As Craig’s steadfast insistence on his heterosexuality demonstrates, however, this isn’t going to happen. Instead, the conservative base — which, lest you forgot, is already hot and bothered about the creeping menace of gay marriage — now has yet another reason to fear the gays. Craig’s bathroom bust won’t make social conservatives realize that gays are people, too; it’ll just make them creeped out every time they walk by an airport men’s room.
And this brings us to the inherent limitation of the Mike Rogers approach. Given prevailing conservative attitudes toward gays and lesbians, journalists probably aren’t going to find many prominent Republicans who’ve quietly maintained healthy, long-term relationships with a partner of the same sex. They’re more likely to discover the Ted Haggards or Mike Foleys or Larry Craigs — individuals who’ve been forced to treat their sexuality as a dirty secret, and who, as a result, end up manifesting it in distinctly unhealthy ways.
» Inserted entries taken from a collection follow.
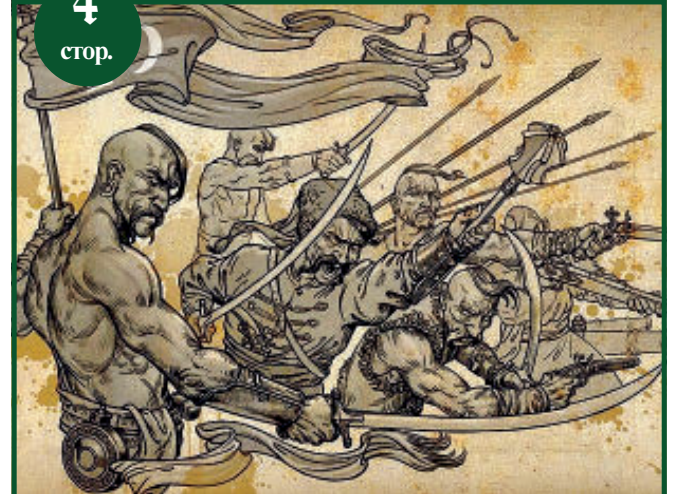
Боротися зі злом вчимося у предків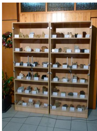
Geološka zbirka Primorsko-goranske županije

Kao krunu rada Udruge istaknuli bi uspostavljanje „ Geološke zbirke Primorsko-goranske županije “ 17.12. u OŠ Gornja Vežica u Rijeci. Zbirka je nastala zajedničkim projektom UPRIS-a i našeg dugogodišnjeg partnera Hrvatskog geološkog instituta. Učenik koji je osvojio 1. mjesto na prošlogodišnjem natjecanju u sklopu projekta „ Škola mladih riječkih geologa 2014. “ osvojio je ovu zbirku za svoju školu.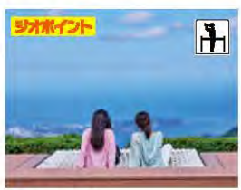
4 十国峠 じっこくとうげ

ビート・ダイの設計による美しく、アンジュレーションに富んだ18ホール。富士・箱根・駿河湾を見ながら、ハイスコアめざし果敢にチャレンジ!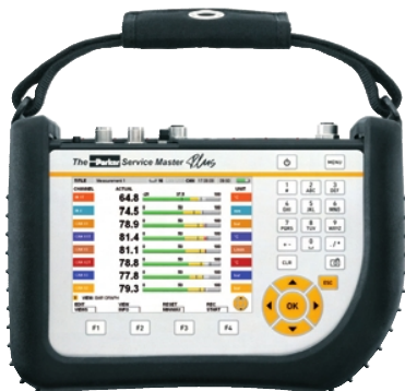
The Parker Service Master Plus SCM-500-xx-xx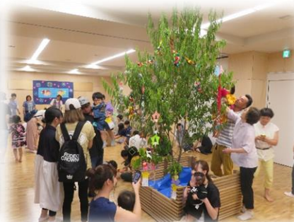
子育てサロン 「夕涼み会」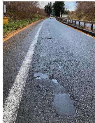
千歳IC入口 舗装の損傷状況

※各路線に付している E5 等の表示は、高速道路等の路線番号(ナンバリング)を示しています。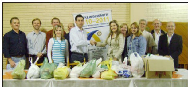
Parceria realizada com fins sociais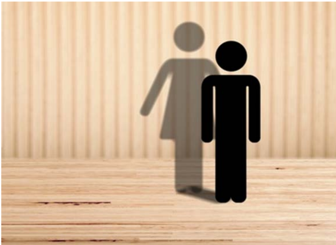
[Image : < https://encrypted-tbn0.gstatic.com/images?q=tbn:ANd9GcS2DUUIwz4UvrX7JEH124gp7qSW-iRyh4f6O08PLPr4COsINx3B >]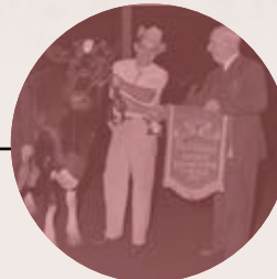
La Grande Championne de 1958 - Silvia Pabst Texal

Sept femelles ont été Grandes Championnes 3 fois au jugement Holstein : Montvic Rag Apple Bonheur (1934, 1935, 1936), Rosehill Fayne Wayne (1946, 1948, 1951), Spring Farm Juliette (1949, 1950, 1953), Silvia Pabst Texal (1957, 1958, 1959), Bond Haven Signet Sally (1961, 1962, 1963), Acme Star Lily (1997, 1998, 1999) et Thrulane James Rose (2006, 2008, 2009). Les 2 taureaux qui ont décroché 3 titres de Grand Champion sont Johanna Rag Apple Pabst (1926, 1928, 1929) et Zeldenrust Fond Memory (1971, 1973, 1974).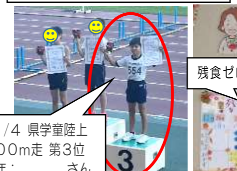
11/4 県学童陸上100m走 第3位 5年： さん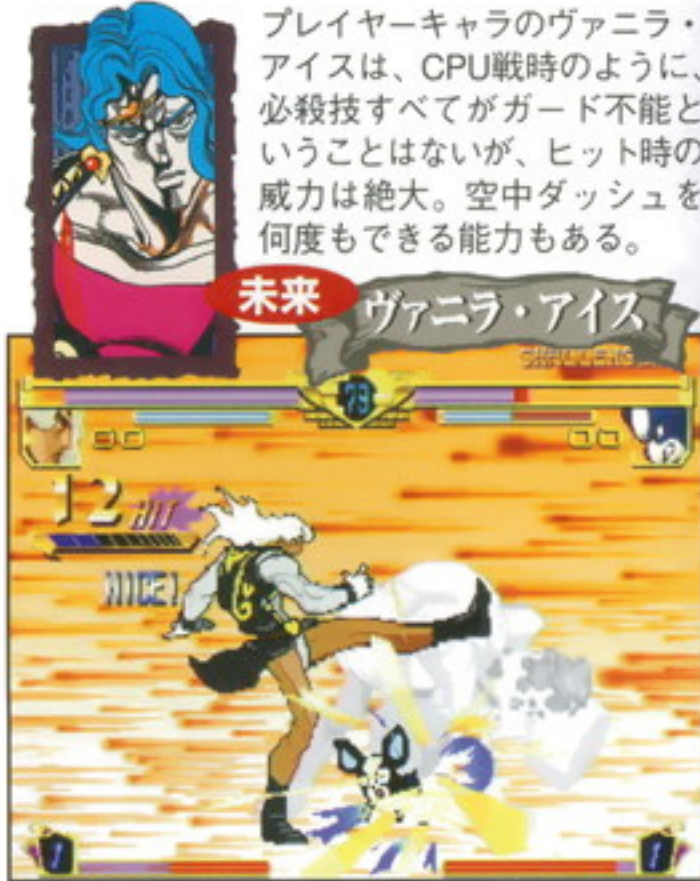
未来 ヴァニラ・アイス

承太郎たちが目指す最終目的のディオは、「血の召還」という新技を修得。コマンド入力後に相手に体当たりをし、ヒットすると写真のような衝撃的な演出の技を繰り出す。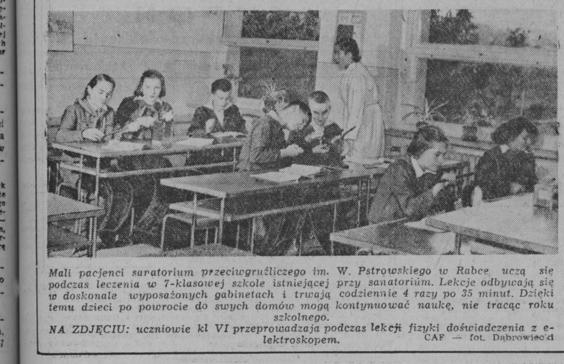
MAŁI PACJENCI satoratorium przeciwgruźliczego im. W. Pastrowskiego w Rabes uczą się podczas leczenia w 7-klasowej szkole istniejącej przy satoratorium. Lekcje odbywają się w doskonale wyposażonych gabinetach i trwają codziennie 4 razy po 30 minut. Dzięki temu dzieci po powrocie do swych domów mogą kontynuować naukę, nie tracąc roku szkolnego.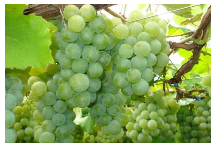
シャインマスカット

These same behaviors, of course, are ideally suited to reinforce conservative stereotypes of gay deviance. The Catholic Church’s response to its recent sex-abuse scandal is instructive here. The church could have concluded that its own opposition to homosexuality was part of the problem — that young gay Catholic men were trying to sublimate their sexuality by joining the clergy, and that some of them became sexual predators when this approach didn’t work. Instead, the Vatican reiterated the need to keep gays from becoming priests.
This doesn’t mean that what Larry Craig did in the bathroom at the Minneapolis airport wasn’t news. It obviously was. And given the mainstream press’s aspirations toward ideological neutrality, the possibility of media coverage bolstering conservative anti-gay sentiment might seem irrelevant. Still, even journalists who strive for total objectivity benefit from considering the real-world consequences of their work. And in cases like Craig’s, those consequences could be the exact opposite of what we expect.